Jetzt wurde die Entscheidung OGH 4 Ob 119/23p veröffentlicht, die einmal diesem Märchen - "Wir können doch nichts dafür, wir haben geglaubt, das darf man" - auf den Grund geht. Noch einige Monate zuvor hatte der zehnte Senat so ein exkulpierendes schutzwürdiges Vertrauen auf die Richtigkeit der behördlichen Entscheidung zu 10 Ob 27/23b für schon möglich gehalten – und die Rechtssache an die Untergerichte zurückverwiesen. Die sollten mühselig klären, ob ein entschuldbarer Rechtsirrtum (der zur Klagsabweisung führen müsste) vorliegt.

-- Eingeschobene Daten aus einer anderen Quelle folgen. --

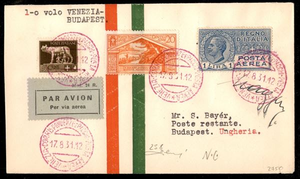 1931 - Venezia Budapest - Aerogramma da Venezia 17.8.31 a Budapest con firma autografa del Pilota (Longhi 2469)

Das Wohnmobil weist einen Dieselmotor der Abgasklasse Euro 6b auf. Der Motor ist mit einem Abgas‑ bzw NOx‑Reduktionssystem ausgestattet. Bereits 22 Minuten nach einem Motorkaltstart wird jedoch die Abgasrückführrate drastisch gesenkt und zwar schon bei Temperaturen knapp unter 20° C, insbesondere aber bei Temperaturen geringer als 10° C. Dies passiert ohne Unterscheidung zwischen Prüfzyklus und Realbetrieb. Das deutsche Kraftfahrt‑Bundesamt sieht darin eine unzulässige Abschalteinrichtung, weil es lediglich dem Bauteilschutz (und nicht dem Motorschutz; Anm.) diene. Zusätzlich wird die Abgasrückführung temperaturgesteuert unter 20° C Umgebungs- bzw Außentemperatur massiv reduziert (sogenanntes Thermofenster). Die Verwendung eines Thermofensters entsprach und entspricht bei Euro5 und Euro6 Fahrzeugen dem Stand der Technik.
 
Die Beklagte argumentierte, dass selbst eine unzulässige Abschalteinrichtung kein Rechtsmangel sei, insbesondere weil die erteilte Typengenehmigung im zuständigen Mitgliedstaat Italien rechtsbeständig sei. Für den OGH war aber „nicht erkennbar, welche Relevanz diese Einordnung hier haben könnte.“ Und jetzt kommt’s:

Schließlich berief sich die Beklagte auch noch auf ihr fehlendes Verschulden an der Schutzgesetzverletzung zufolge eines entschuldbaren Rechtsirrtums. Sie habe zum Zeitpunkt der Übertretung mangels gegenteiliger Rechtsprechung und Verwaltungspraxis zumindest vertretbar (vulgo: „würden doch alle so machen“; Anm.) davon ausgehen dürfen, dass die Emissionsgrenzwerte nur auf dem Prüfstand einzuhalten seien. Dazu findet der OGH klare Worte:

Der bewusste Einbau einer unzulässigen Abschalteinrichtung, die dazu dienen soll, die Grenzwerte zur Erlangung der Typengenehmigung einzuhalten, spricht ohne Vorliegen besonders rücksichtswürdiger Umstände gegen die Annahme eines Rechtsirrtums. Die Rechtsansicht der Beklagten zu Emissionsgrenzwerten ist schon deswegen nicht vertretbar, weil sie sich nicht mit den Zielen der VO 715/2007/EG in Einklang bringen lässt, die ausdrücklich in den Erwägungsgründen genannt werden: zB ein hohes Umweltschutzniveau sicherzustellen, das Senken der Emissionen von Kraftfahrzeugen und die Verringerung der Emissionen von Partikeln und Ozonvorläuferstoffen wie Stickstoffoxid und Kohlenwasserstoff, die Verbesserung der Luftqualität. Sie widerspricht außerdem Art 5 Abs 1 VO 715/2007/EU, der lautet: „Der Hersteller rüstet das Fahrzeug so aus, dass die Bauteile, die das Emissionsverhalten voraussichtlich beeinflussen, so konstruiert, gefertigt und montiert sind, dass das Fahrzeug unter normalen Betriebsbedingungen dieser Verordnung und ihren Durchführungsmaßnahmen entspricht.“ Selbst ohne den Normzweck und ohne diese Vorschrift wäre nicht nachvollziehbar, wieso die Beklagte annehmen hätte dürfen, dass sie das ausdrückliche Verbot von Abschalteinrichtungen in Art 5 Abs 1 VO 715/2007/EG nicht beachten hätte müssen.

Geht es noch klarer? Anders als die allzuoft tollpatschigen Erstgerichte lässt sich der OGH natürlich nicht austricksen.